By Hoffman & Associates

As a result of the 2001 tax legislation, the Federal Estate Tax has purportedly been repealed for 2010.  While Congress is still debating the issue, as it stands now if a person were to die in 2010 there might be no federal estate tax on their estate.  Additionally, step up in basis of assets to the date of death value is virtually eliminated.  There is an exception to the step up in basis in that a spouse can elect to step up the basis in $3,000,000 worth of assets and other individuals can elect to have $1,300,000 of assets stepped up in basis.  All other assets will be inherited with a carryover basis from the time the decedent acquired the property.

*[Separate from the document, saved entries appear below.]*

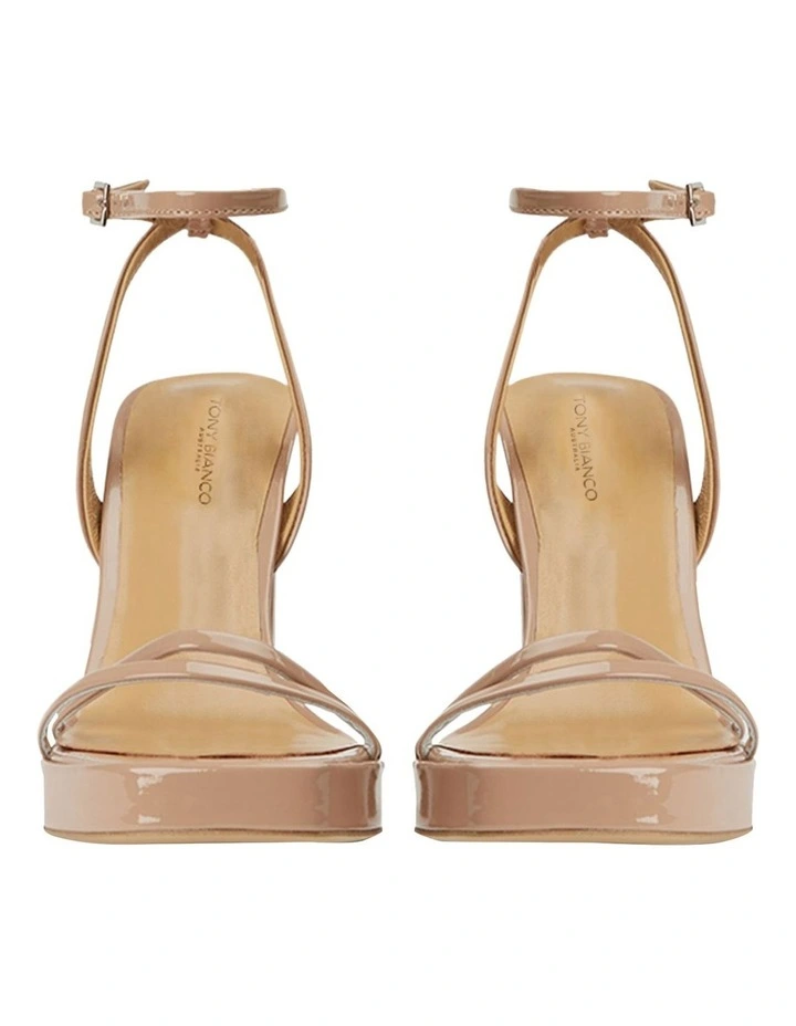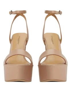 Level up your closet with the newΒ DandyΒ platforms. Showcasing a strappy design, these nude leather heels feature a squared toe-shape with slender foot-framing straps and a sturdy platform block heel , to take your look to the next level.
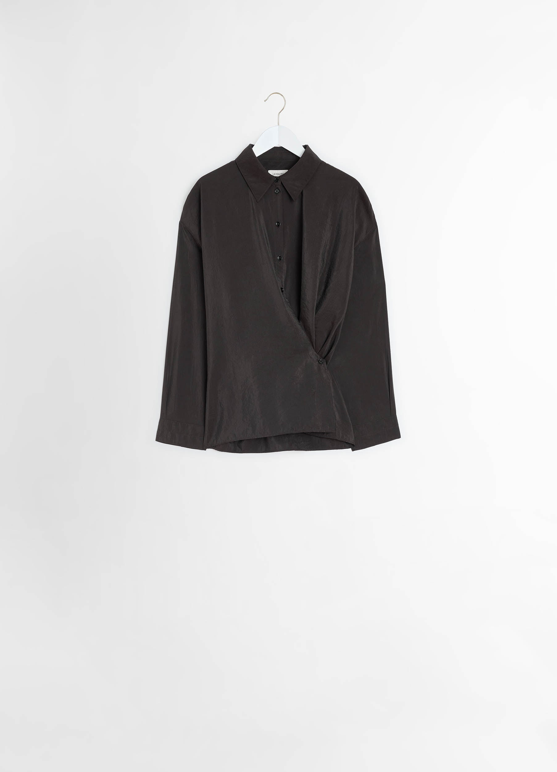 This shirt is part of the iconic Twisted family and a staple of LEMAIRE’s wardrobe. It is made of dry silk, a classic LEMAIRE fabric with a soft hand and tonic texture. Its details include a straight collar and an asymmetric button placket that closes over the hip, wrapping around the waist. DETAILS - Relaxed fit - Straight collar - Corozo buttons - Adjustable angled cuffs - Knotted inner tie Made in Romania Style: SH1141 LF1308 FABRICS & CARE Main Material: 76% Silk, 24% Nylon Soft wash 30° Do not bleach Do not tumble dry Cool ironing Soft dry clean
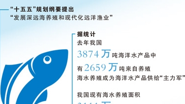 向海洋要热量、要蛋白、扩大食物供给,始终要依靠科技赋能。“十五五”规划纲要提出,“发展深远海养殖和现代化远洋渔业”。据统计,我国现有海水养殖面积3111万亩,进一步开拓这座“蓝色粮仓”,潜力巨大。近年来,沿海各地培育出大黄鱼“甬岱1号”“富发1号”、金鲳“晨海1号”等多个适合深远海养殖的新品种;“陆海接力”“南北接力”等绿色养殖模式持续创新推广;15万吨级智慧渔业大型养殖工船“国信1号2—2”,探索鲑鳟鱼“船载舱养”……从擦亮水产“中国芯”、打造蓝色种业,到陆基和近海养殖加快绿色转型,再到发展大型养殖工船、深远海智能网箱等现代设施装备,我国海洋渔业正逐步走向信息化、智能化、现代化,发展动能愈加澎湃。
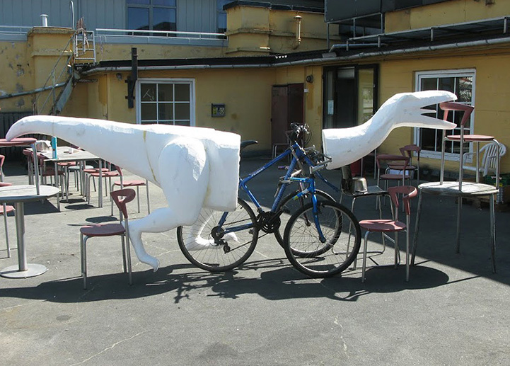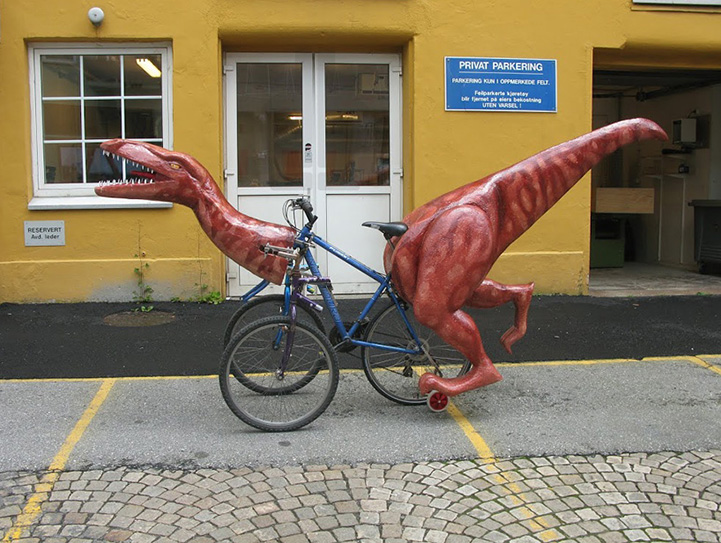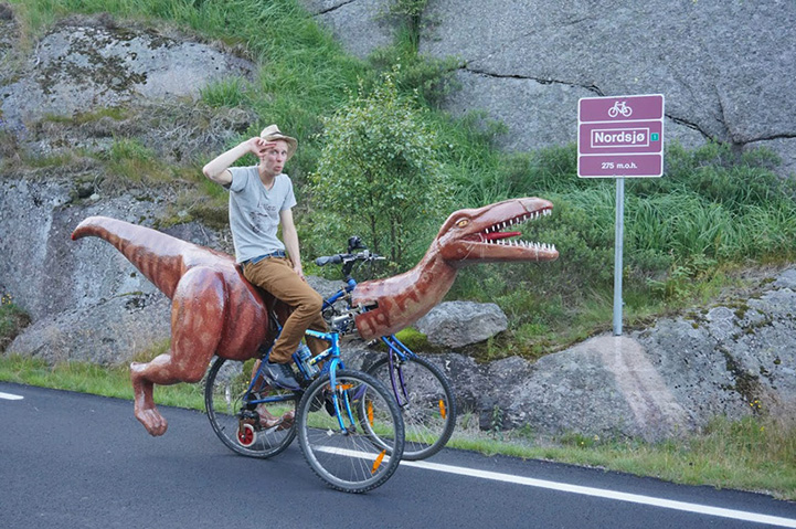 Je naozaj ťažké nesmiať sa pri pohľade na fotografie Markusa Moestue, ktorý jazdí na chrbte obrovského dinosaura ulicami Nórska. Jeho vlastnoručne postavený bicykel však v sebe nesie hlboké posolstvo.

As a result of this new carryover basis rule, there could be an issue with capturing the basis increase in $3,000,000 of assets passing to spouse under a Will.  In order to qualify for the step up in basis on the $3,000,000, the property must be held in what is known as a qualified terminable interest property trust.  As most Wills are currently drafted, a formula is used to maximize the federal estate tax allowance that is in existence at the time of a persons death.  While no one anticipated that Congress would actually allow a total repeal of the federal estate tax law, we are currently faced with that issue.  There is talk that if Congress reinstates the federal estate tax they will make it retroactive back to January 1, 2010.  However, some may challenge this as unconstitutional and we do not know if they would be successful.

Therefore, we want to inform everyone that under the current law, if a formula is used in your Will to maximize the funding of the Credit Shelter Trust, all of your assets will go to that under your Will.  What this means is that your surviving spouse may lose the right to get a step up in basis on $3,000,000 worth of assets as no assets from your estate will go to the QTIP Marital Trust.  Some argue that your family could go to court and argue that your intent was not to have all assets pass to the Credit Shelter Trust and that the court may “revise” the Will to accomplish your intent to fully maximize all benefits affordable to your spouse.  Unfortunately, we cannot advise whether this argument would be successful.

Of course, if the federal estate tax is reinstated and made retroactive, there is no issue.  However, if it is not retroactive, and if you pass away during a “total repeal” period (2010), your spouse and family may lose out on the benefits of a step up in tax basis.

Therefore, it is advisable that you contact an attorney to execute a Codicil to your Will to assure assets that pass to your spouse will be allowed to fully utilize the step up in basis rule.